• **Problem description**: When writing out the entries below, keep only the lines from the line with "Shelf Tabletop Decoration" to the line with "Large variety of", both included, exactly as they are, and leave the pictures aside.

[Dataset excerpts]
- Opening Delimiter -
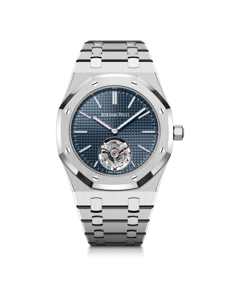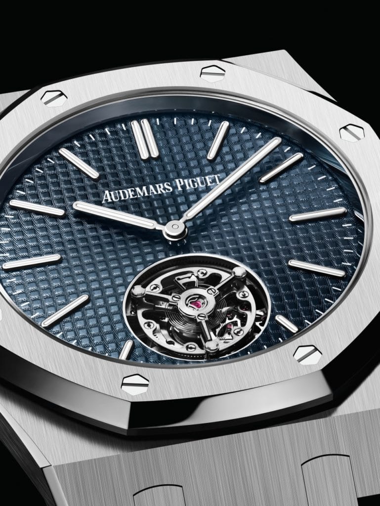 Tout comme pour le modèle de 1972, cette nouvelle référence « Jumbo » arbore des index et aiguilles de forme baignoire avec revêtement luminescent pour une lisibilité optimale dans l’obscurité. La signature Audemars Piguet, tout comme l’échelle des minutes, est imprimée en blanc sur la tapisserie. Opérant ses rotations à 6h, la cage du tourbillon volant en titane se détache de la toile bleue de la tapisserie pour créer un contraste aérien à l’effet hypnotisant.
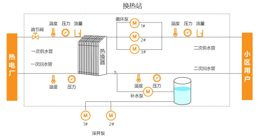 換熱站作為集中供熱的核心設備,由其他固定供給點提供熱源(如電廠),利用板式換熱器加熱二次供水,用循環泵循環熱水,補水泵補水穩定,是集中供熱的核心設備。
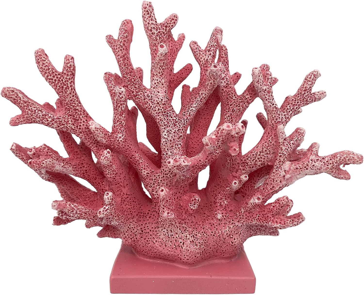 5.8" H Pink Coral Decor - Resin Coral Statue, Nautical Decor for Home, Bedroom, Bathroom, Living Room, Ocean Themed Cabinet Shelf Tabletop Decoration
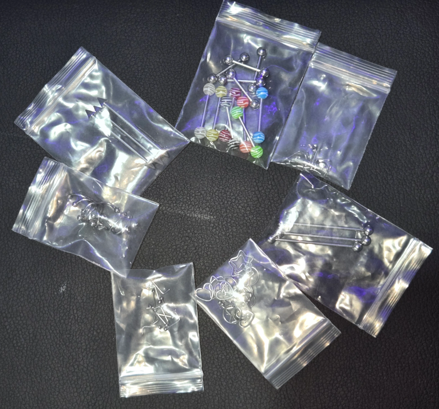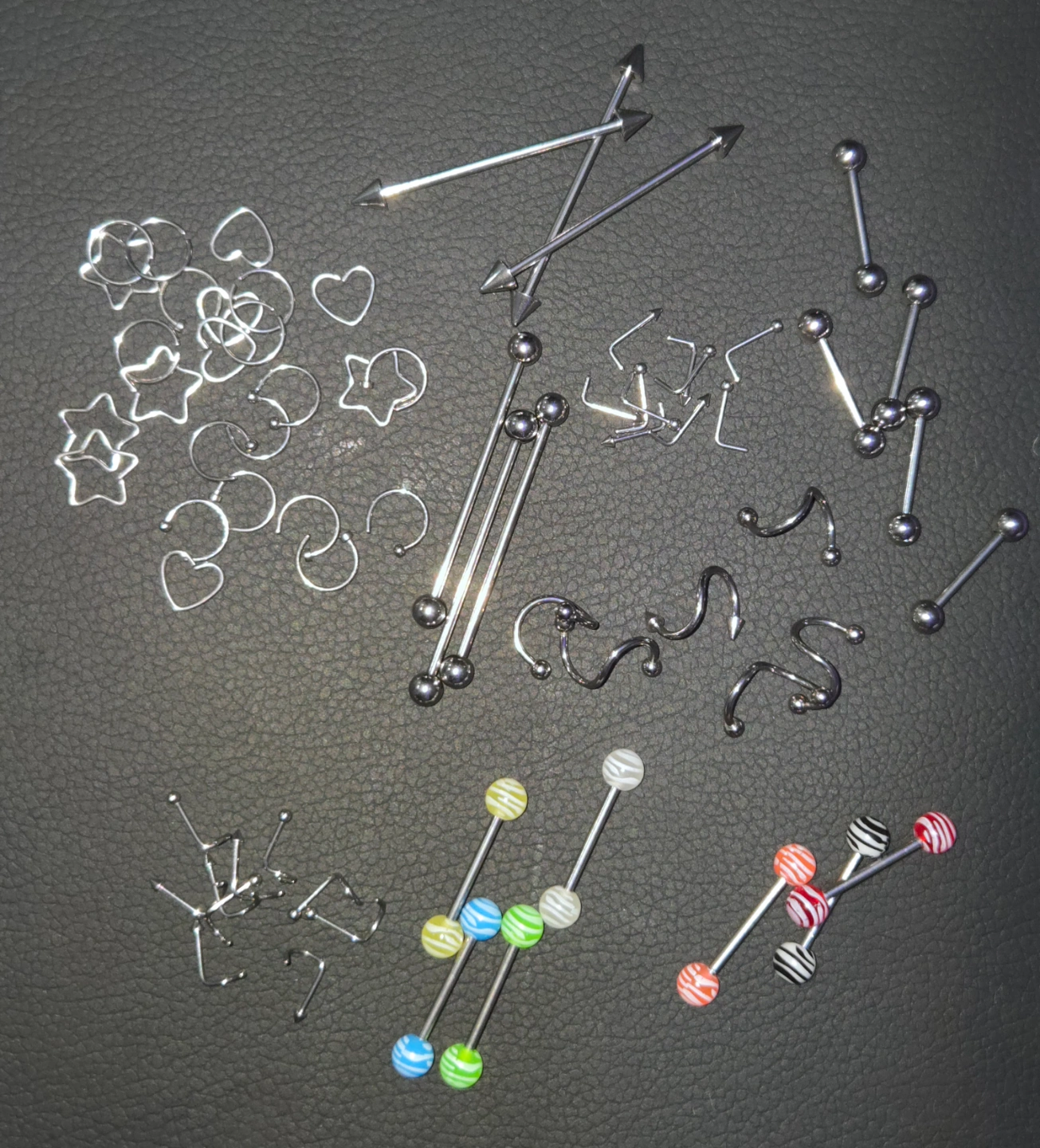 Large variety of piercings. Includes industrial barbells, labrets, captive bead rings, and more. Multiple colours and styles available. Sold as a bulk lot ($10 for seven bags)
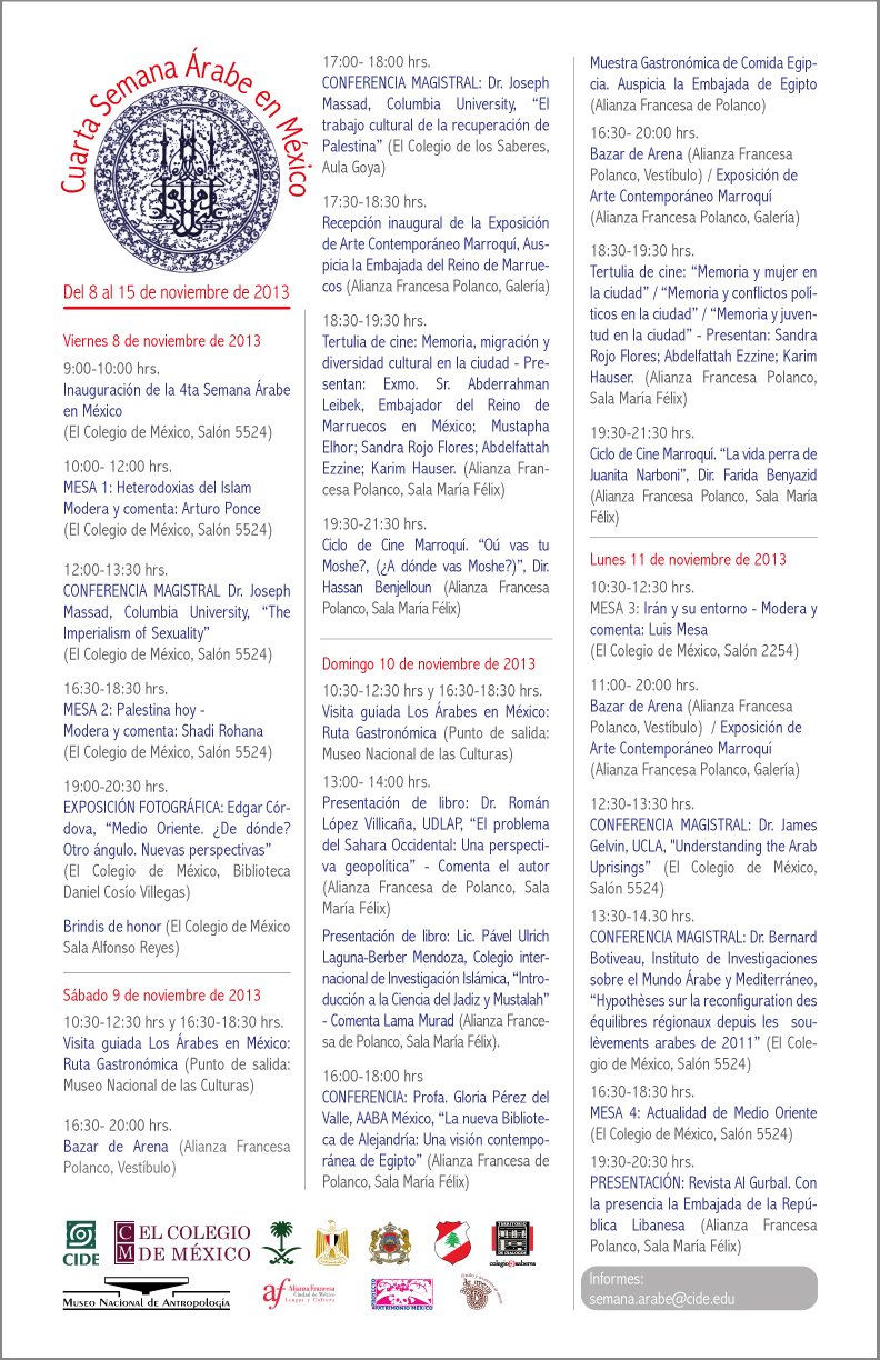 Inauguración de la 4ta Semana Árabe en México (El Colegio de México, Salón 5524)
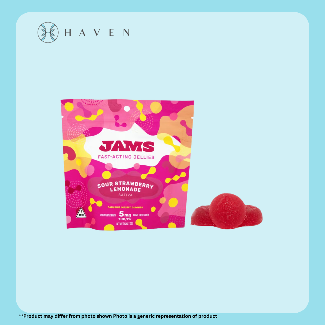 JAMS Sour Strawberry Lemonade Sativa Fast Acting Jellies 20-Pack | 100mg
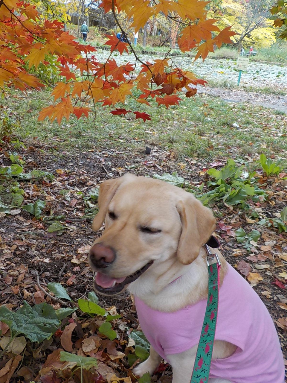 池をバックに写真
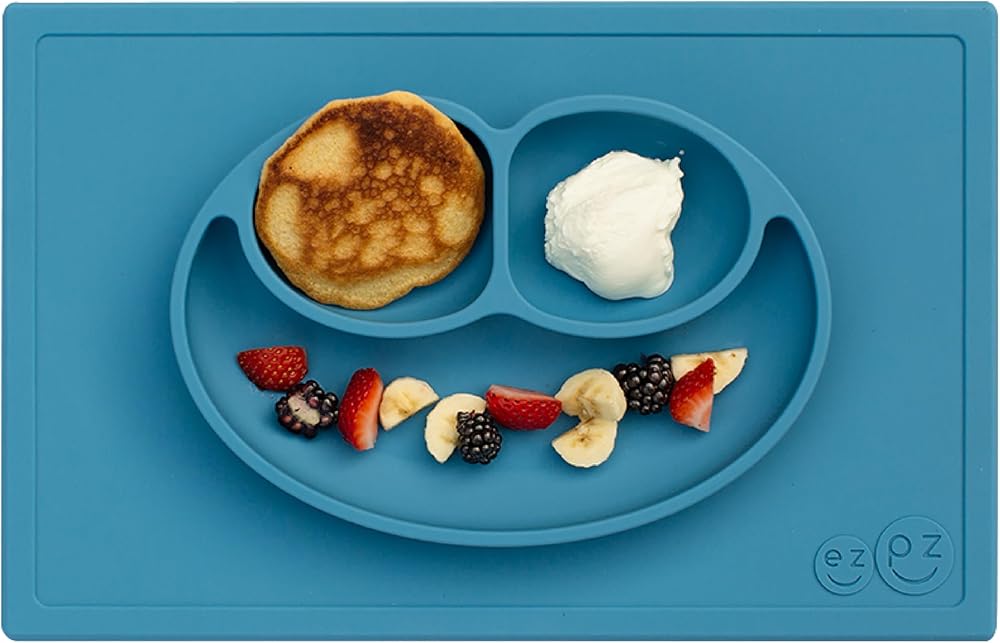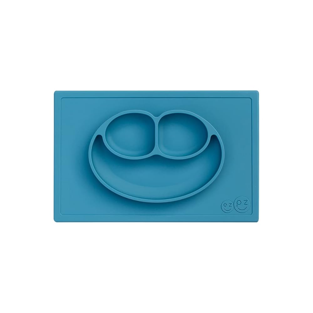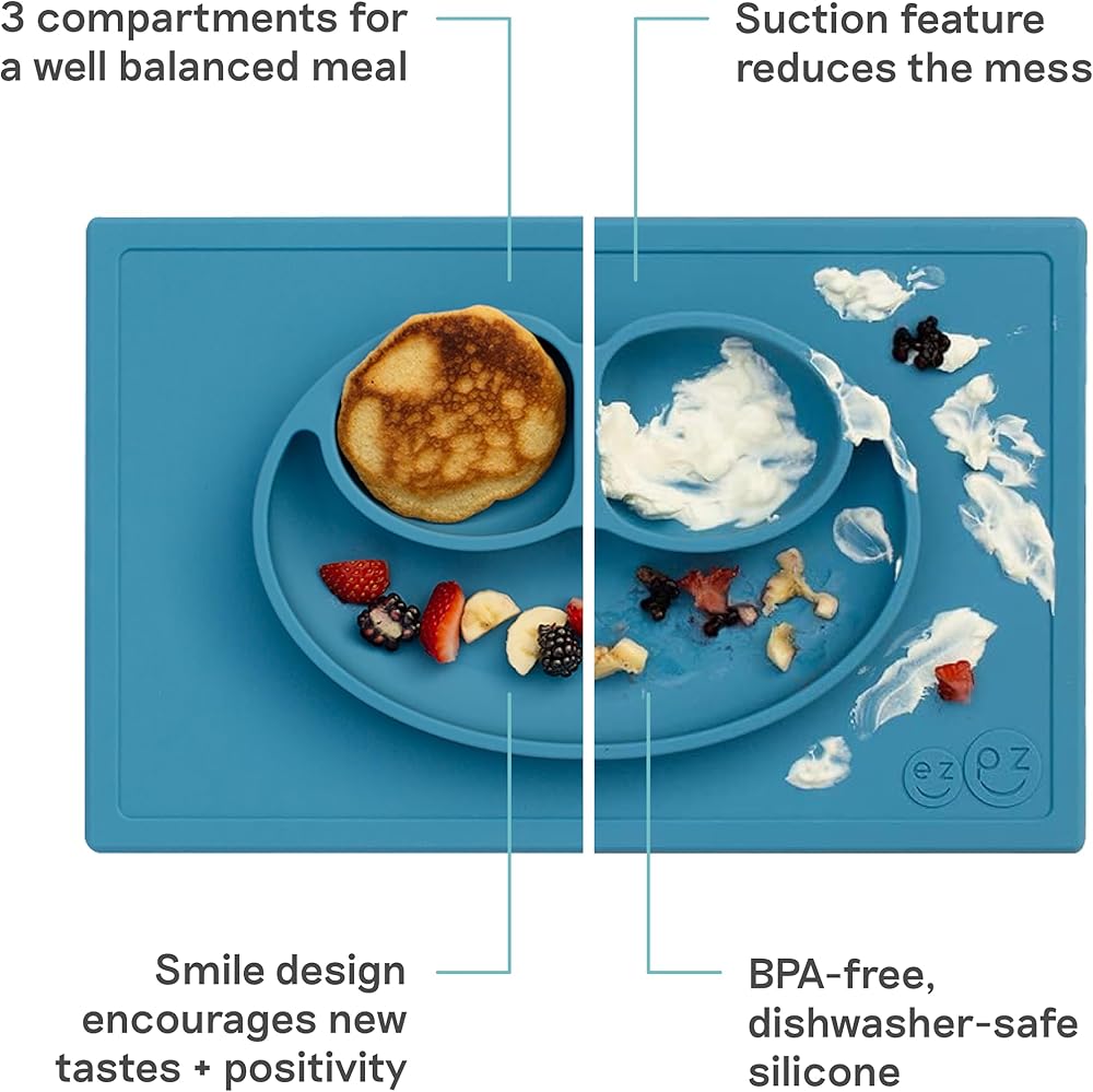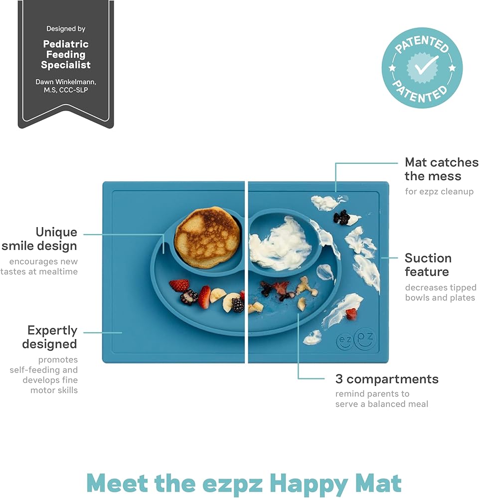 MAKING MEALTIME EZPZ: The Happy Mat's smile design encourages a positive mealtime experience, and the three compartments remind parents to serve a well-balanced meal.
- Closing Delimiter -
• **Solution to the exercise**:
 5.8" H Pink Coral Decor - Resin Coral Statue, Nautical Decor for Home, Bedroom, Bathroom, Living Room, Ocean Themed Cabinet Shelf Tabletop Decoration
 Large variety of piercings. Includes industrial barbells, labrets, captive bead rings, and more. Multiple colours and styles available. Sold as a bulk lot ($10 for seven bags)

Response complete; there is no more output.